The second change came through designer partnerships. Zara now works with Narciso Rodriguez, Stefano Pilati and Soshi Otsuki - winner of the LVMH Prize. The point of those collections wasn't to sell millions of pieces - it was to lend „cultural legitimacy” to a brand traditionally seen as a synonym for fast fashion. A strategy that works in the long run: people buy the idea of the brand, not just the products.

The third change is in the physical stores. Edificio España in Madrid is now an experimental destination - architecture by Vincent Van Duysen, smart fitting rooms, digital technology integrated into the shopping experience. Not a fast-fashion shop - a „lifestyle” space. And the model is being replicated in the key cities of the world, not just in Spain.

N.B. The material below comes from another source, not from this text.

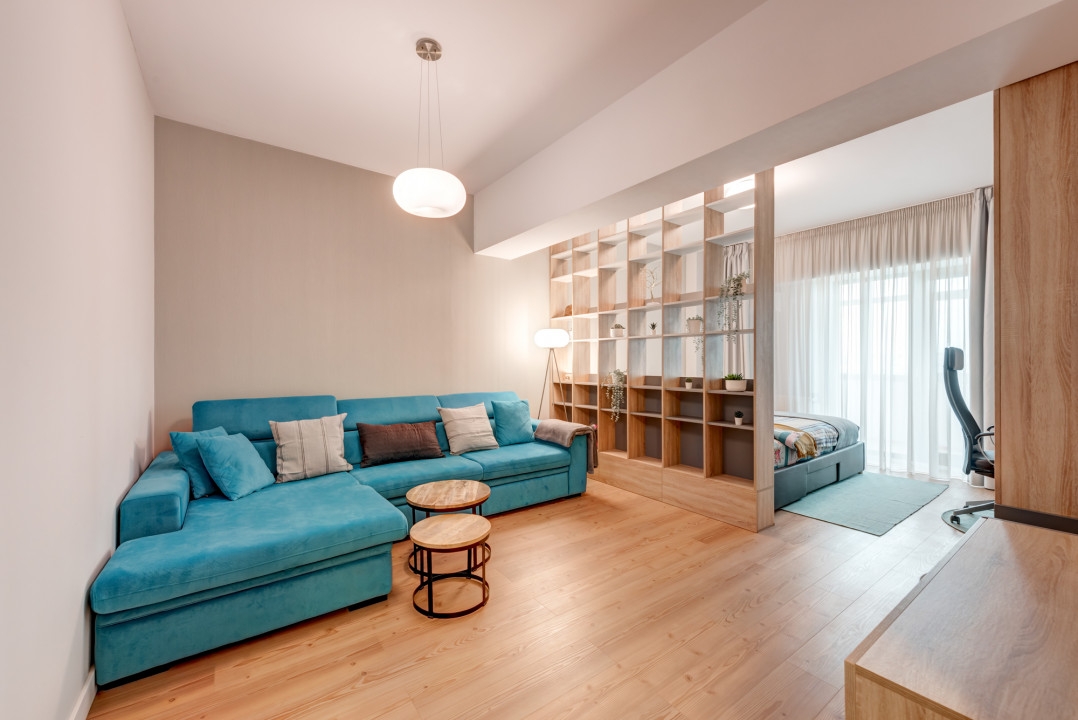 Camera, in suprafata de aproximativ 30 mp, a fost impartita in doua zone separate printr-o biblioteca/ etajera moderna. Zona de zi este amenajata cu o canapea extensibila, 2 masute de cafea, comoda si TV. Zona de dormit este amenajata cu pat matrimonial, dulap de haine si un birou cu scaun.
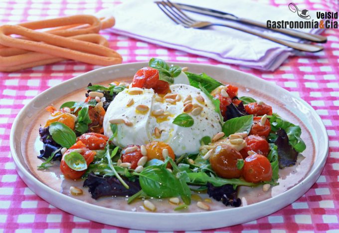 Ensalada de burrata con tomates confitados y piñones

All of it built on the principle Amancio Ortega laid down 50 years ago: shoppers want „fresh fish” - rapid inventory turnover, new pieces every two weeks, never the same look twice. Marta kept that. She just rewrote it with a different sensibility. The rest - that's the discreet remaking of a brand that runs in her blood.

A quiet strategy has produced loud results. Nike, the crown of sports and lifestyle business for decades, fell apart after a series of bad decisions and failed campaigns. Zara - which even had negative coverage of its labour conditions and quality - is now the most valuable fashion brand in the world. The reality of the market: you are selling illusion, not workwear. And Zara's illusion is now prettier than Nike's.